START DATA EXTRACTS

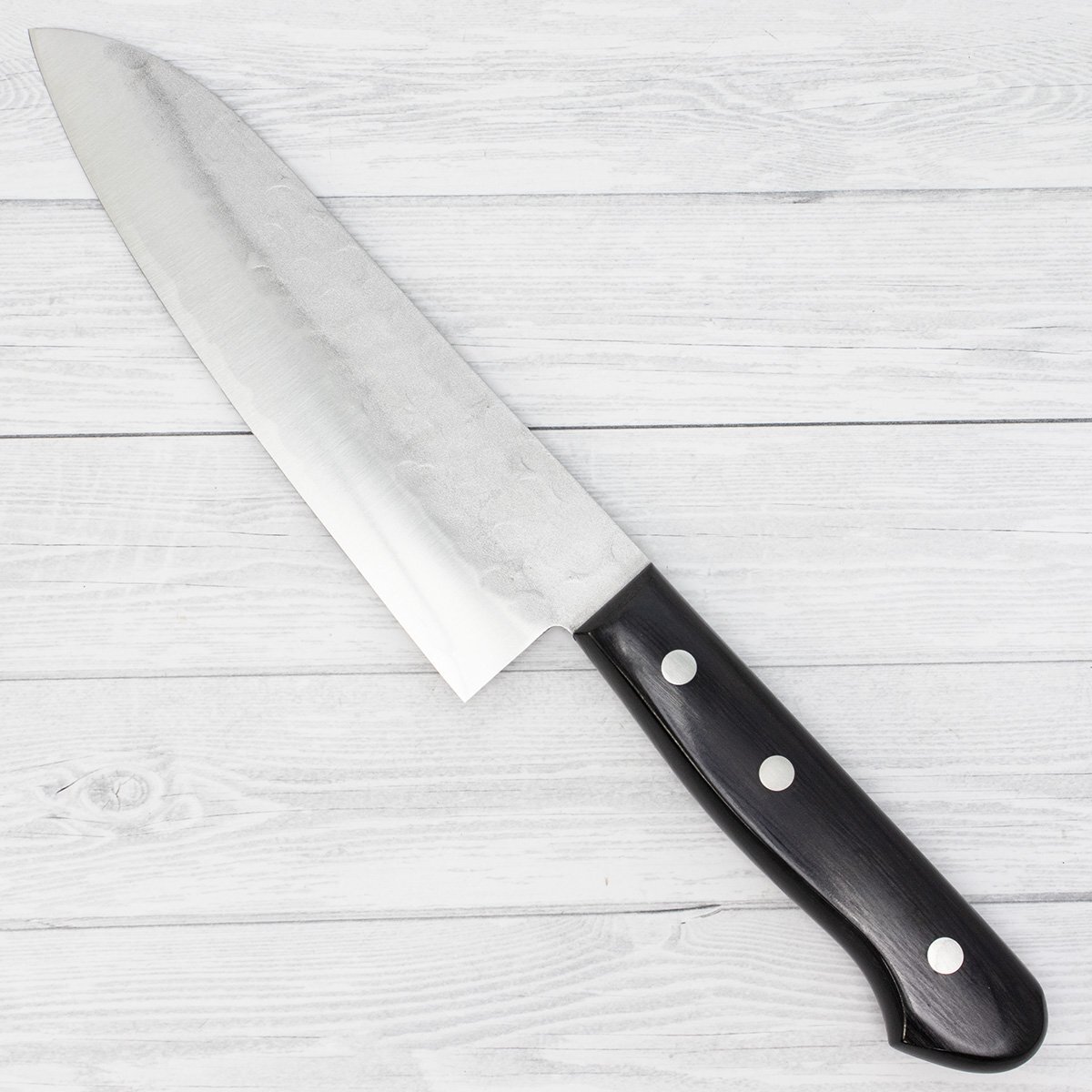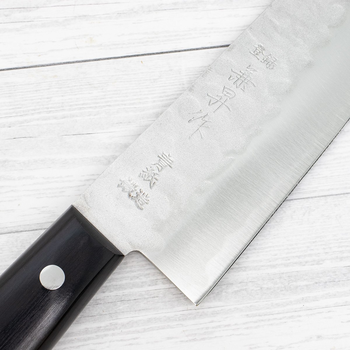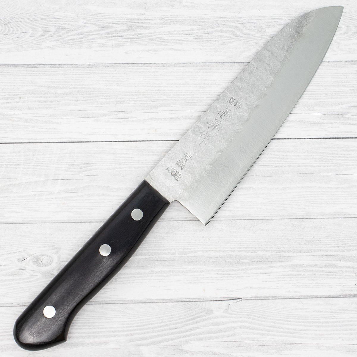 兼昇作 ヤスキ 青鋼 鍛造 鎚目 三徳包丁 165mm
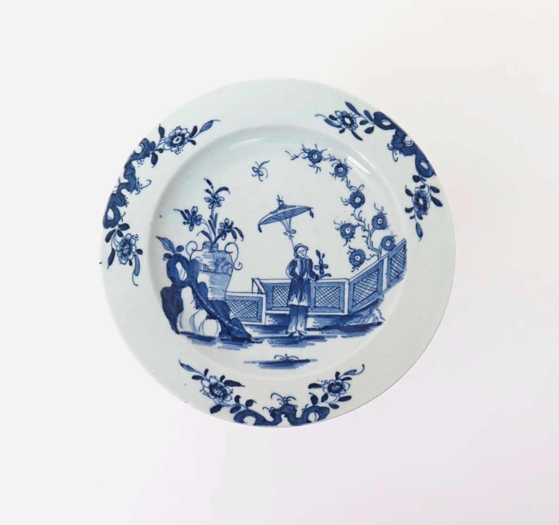A good Lowestoft blue and white plate c.1770, painted with a Chinese lady holding an elaborate open parasol above her head, standing before a zigzag fence, the pattern echoed to the large vase on her right, the rim with three vignettes of prunus issuing from rockwork, 21.8cm.
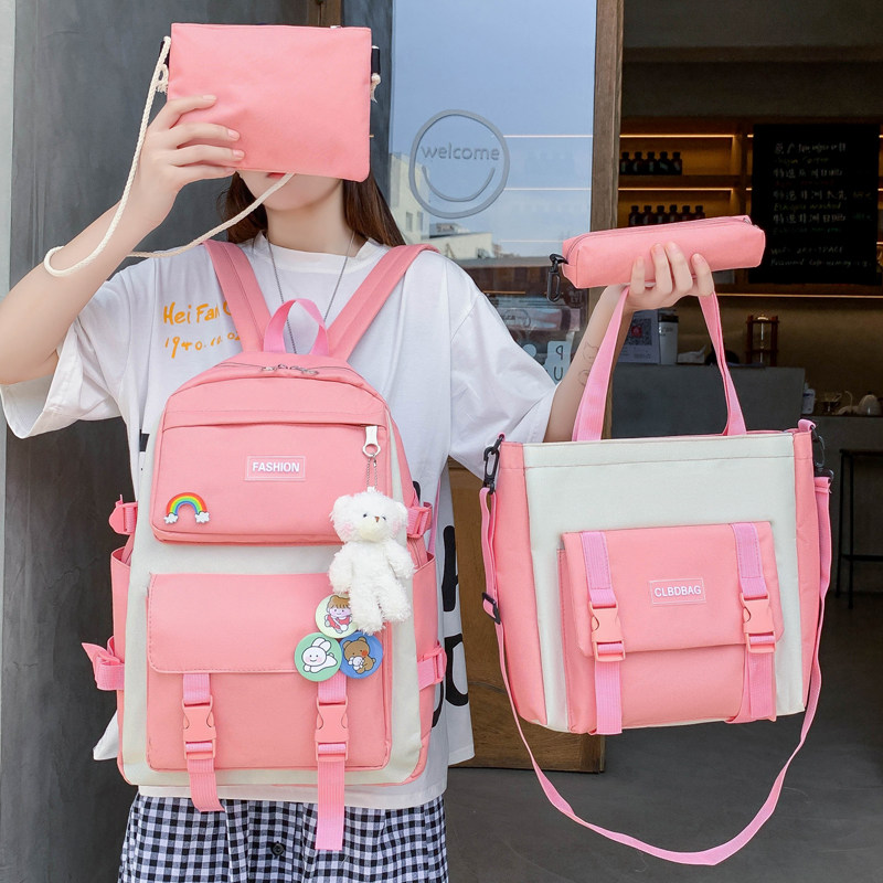 四件套书包女韩版原宿ulzzang高中初中学生双肩包小学三到五年级
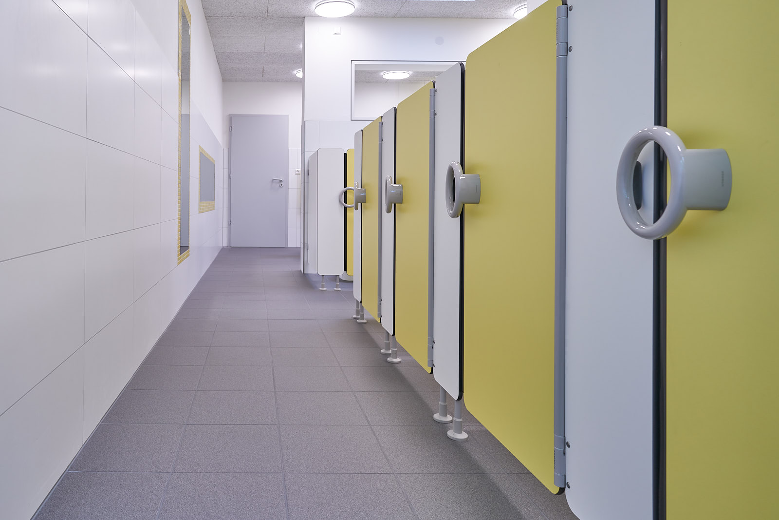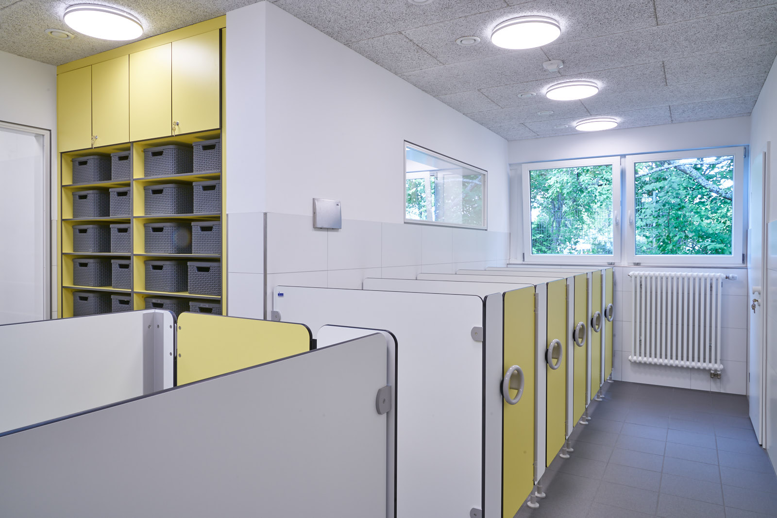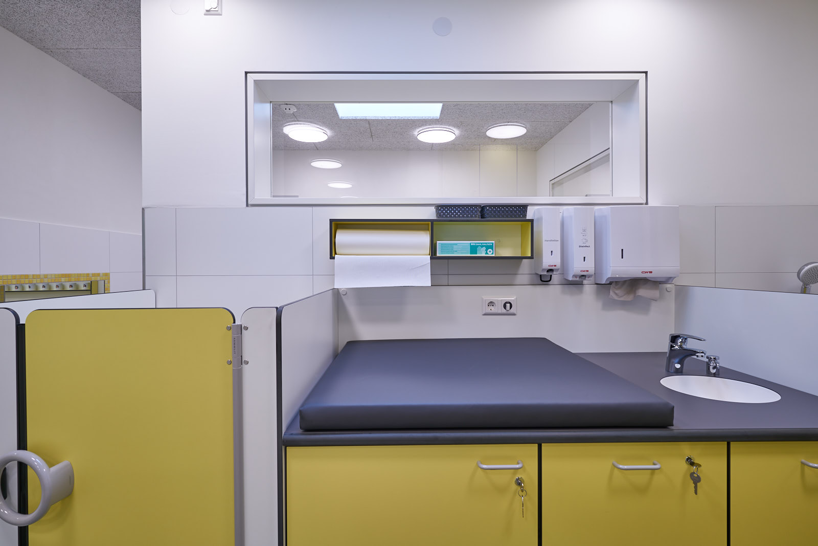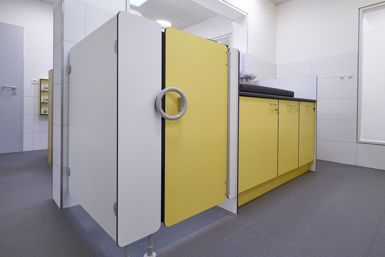 In der Kindertagesstätte Wöschhalde wurde der Sanitär- und Wickelbereich mit kindgerechten Lösungen aus dem Bambino-Programm ausgestattet. Zum Einsatz kamen WC-Trennwände des Typs B-Bambino Klassik, eine Bambino Wickelkombination sowie ein Bambino Regal – alles in den freundlichen Farbtönen Verkehrsweiß (9317) und Camomilla (2124).
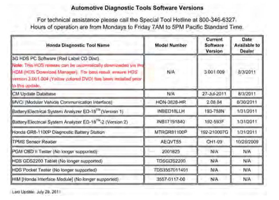For questions about the Acura-supplied updating equipment, call American Hondas Special Tools Hotline.
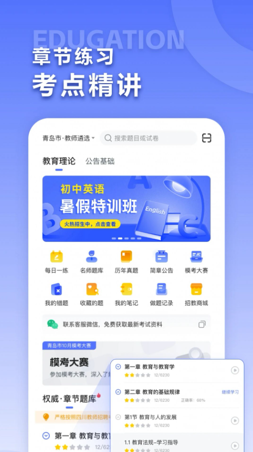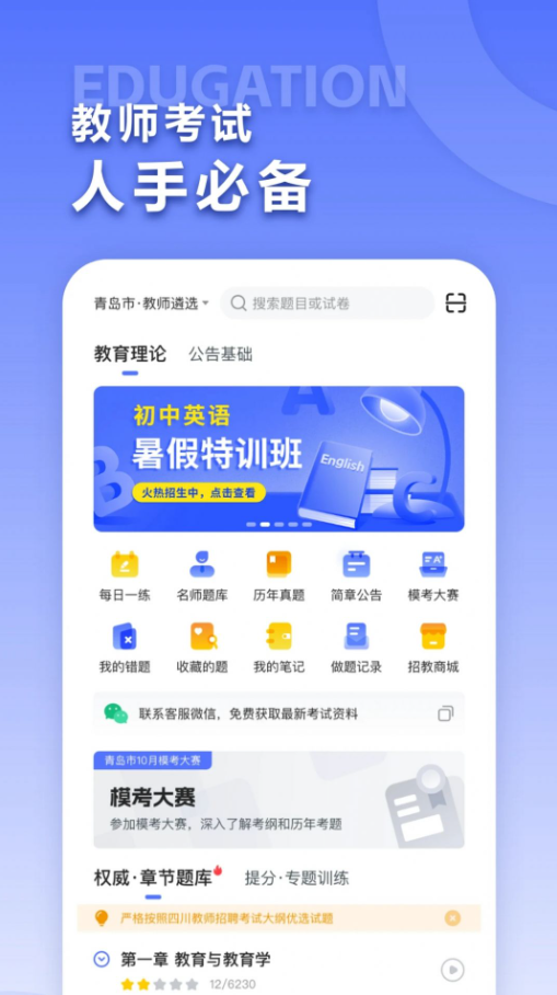 招教宝典app是一款为备考教师招聘考试的用户提供全面的备考资源和练习功能的题库软件,里面的习题库由专业教师团队量身定制,内容覆盖了考试所需的知识点。用户可以根据自己的备考需求和情况进行选择合适的学习方案,同时,软件也能根据用户的学习情况智能推荐相应的记忆方法和技巧,以提高用户的备考效率,有需要的朋友快来下载使用吧。
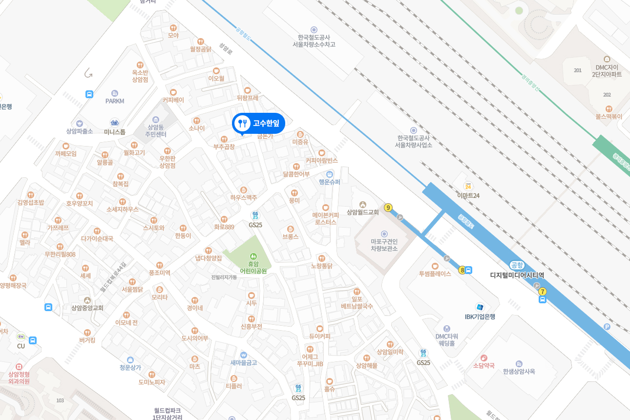 ※ 고수한잎 찾아가는 길 : 지하철 6,경의중앙,공항철도 디지털미디어시티역 9번출구 하차, 도보 약 180m 정도
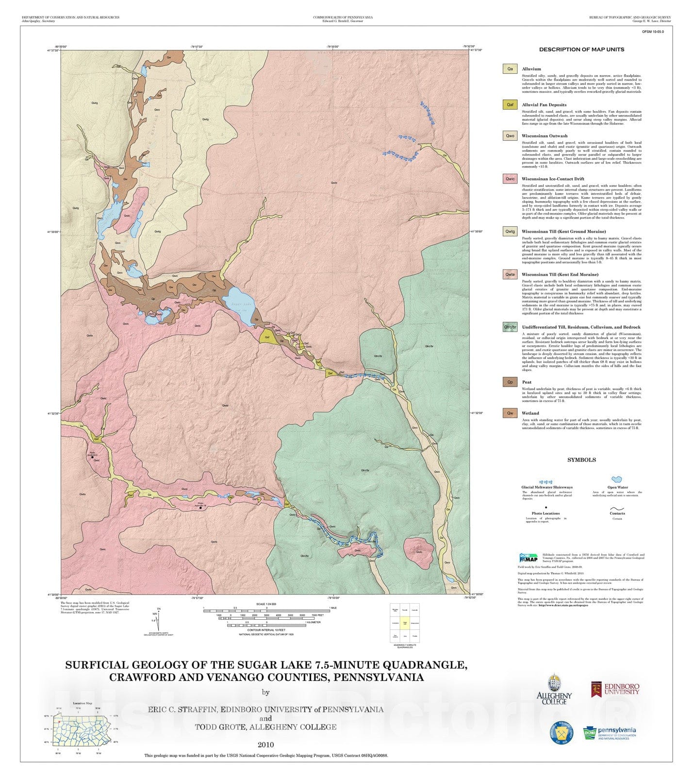Map : Surficial geology of the Sugar Lake 7.5-minute quadrangle, Crawford and Venango Counties, Pennsylvania, 2010 Cartography Wall Art :
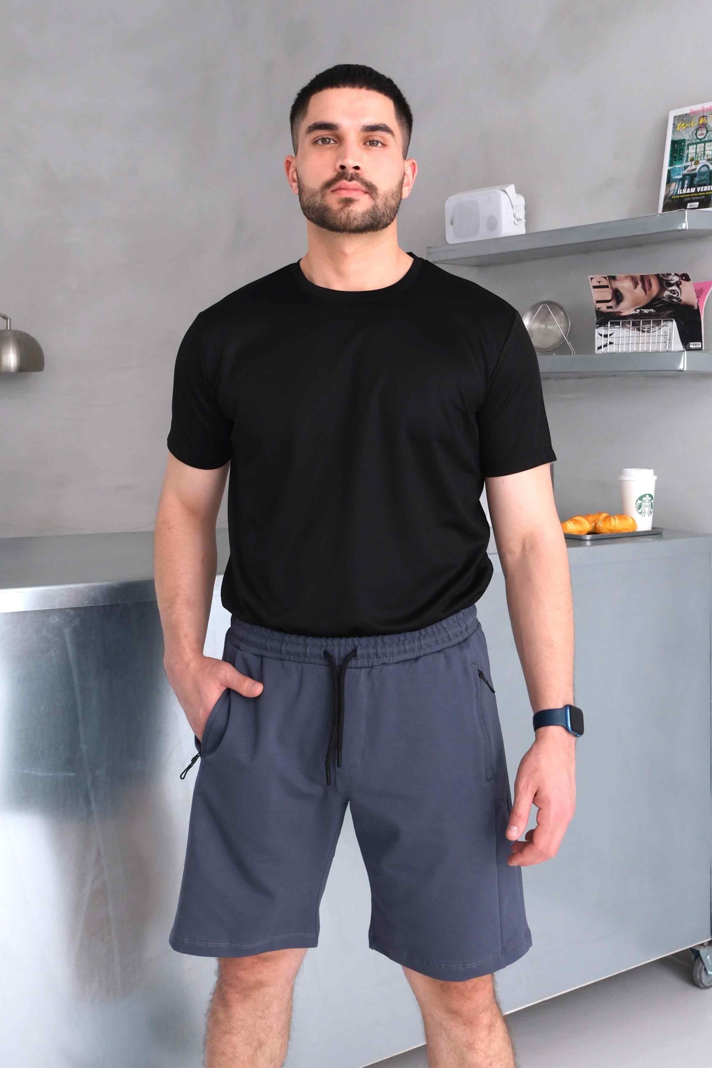 Erkek Beli Lastikli Parçalı Cepli Fermuarlı Şort
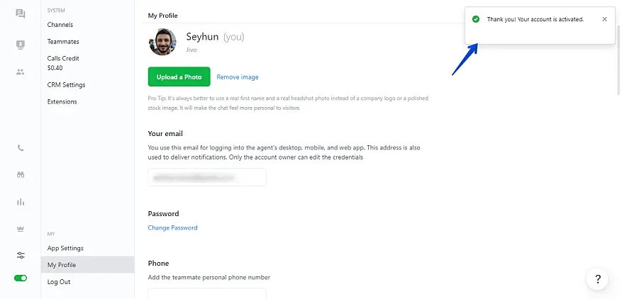 Your email has now been verified and you can take full advantage of your JivoChat profile.
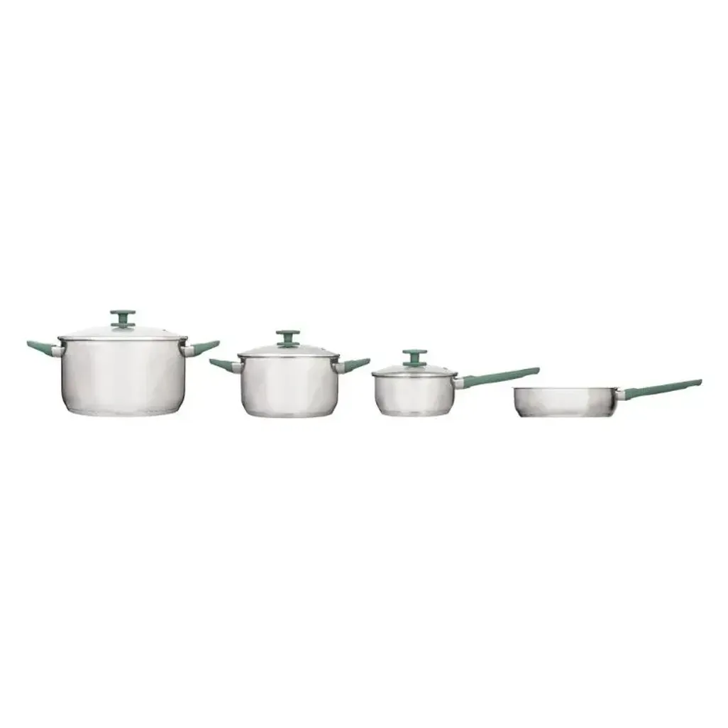The Legend Isabella 7 Piece Chef Cookware Set is a dream come true for every chef. The set features a 16cm, 20cm and 24cm casserole pot with a lid, along with a 24cm frying pan. Crafted from stainless steel, featuring tempered glass.

END DATA EXTRACTS

EXERCISE DETAILS:
"도보 약 180m 정도" marks the first line to copy, and "Your email has" marks the last. Repeat that stretch above exactly, with no pictures.

ANSWER SPACE:
 ※ 고수한잎 찾아가는 길 : 지하철 6,경의중앙,공항철도 디지털미디어시티역 9번출구 하차, 도보 약 180m 정도
Map : Surficial geology of the Sugar Lake 7.5-minute quadrangle, Crawford and Venango Counties, Pennsylvania, 2010 Cartography Wall Art :
 Erkek Beli Lastikli Parçalı Cepli Fermuarlı Şort
 Your email has now been verified and you can take full advantage of your JivoChat profile.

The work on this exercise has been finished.